One practical pattern is designing isolation to be subnet‑local, without touching shared routing or central firewalls.

 1
 2
 3
 4
 5
 6
 7
 8
 9
10
11
12
13
14
15
16
17
18
19
20
21
22
23
24
25
26
27
28
29
30
31
32
resource isolationNsg 'Microsoft.Network/networkSecurityGroups@2023-11-01' = {
  name: 'nsg-isolation-app1'
  location: resourceGroup().location
  properties: {
    securityRules: [
      {
        name: 'Deny-All-Inbound'
        properties: {
          priority: 100
          direction: 'Inbound'
          access: 'Deny'
          protocol: '*'
          sourceAddressPrefix: '*'
          destinationAddressPrefix: '*'
          sourcePortRange: '*'
          destinationPortRange: '*'
        }
      }
      {
        name: 'Allow-Defender-Access'
        properties: {
          priority: 110
          direction: 'Inbound'
          access: 'Allow'
          protocol: 'Tcp'
          sourceAddressPrefix: 'AzureBastion'
          destinationPortRange: '22'
        }
      }
    ]
  }
}

Boundary of this approach:
NSGs don’t override routing, and they don’t magically preserve return paths. They work because routing blast radius has already been constrained elsewhere. If your isolation depends on a shared UDR, this pattern collapses.

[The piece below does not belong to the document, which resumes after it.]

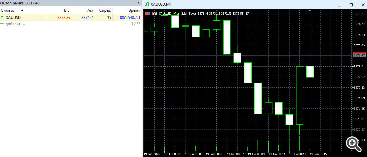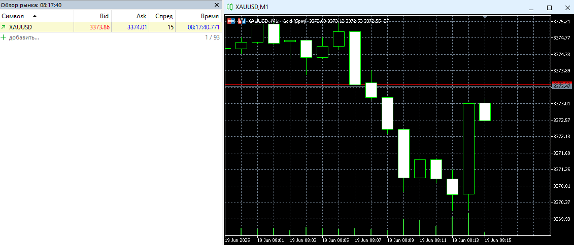 На скрине видно, что не только не строятся бары, но и Bid/Ask-линии на чарте не соответствуют (маркапа нет) Обзору рынка.

Architectural Shape: Containment Without Global Impact

flowchart LR subgraph VNet subgraph ZoneA["App Zone A"] A1[App Subnet] end subgraph ZoneB["App Zone B"] B1[App Subnet] end subgraph Control["Defender Control Plane"] Bastion Logs end end A1 -->|Explicit, Limited Paths| B1 A1 -->|Telemetry Only| Logs Bastion --> A1

The important property here is not segmentation it’s decision locality.

Containment decisions apply where the problem exists, not everywhere trust happens to be shared.

Gotchas & Edge Cases

Automation can be an attacker’s ally
Policy and IaC pipelines that auto‑remediate “drift” will happily undo containment unless explicitly designed not to. This is not a tooling bug, it’s a design failure.
Service and private endpoints can surprise you
Under containment, DNS resolution and endpoint reachability may not follow your mental model of “blocked traffic”. Treat them as reachability shortcuts that need explicit consideration.
Platform traffic still matters
Over‑zealous denies can break health probes, backups, or agent connectivity. Fail‑safe design preserves defender visibility first.

Best Practices

Treat routing as a blast‑radius control, not a convenience layer.
Avoid shared UDRs where containment scope matters.
Design isolation actions that are subnet‑local and reversible.
Preserve defender access and telemetry under all containment states.
Assume automation will act and decide whether it should during incidents.

🍺

Brewed Insight: I’ve made the shared‑UDR decision myself, more than once because it looked clean and “enterprise‑ready”.
Working through assume breach has forced me to re‑learn that convenience today often becomes fragility tomorrow, and that’s now something I actively push back on in my own designs.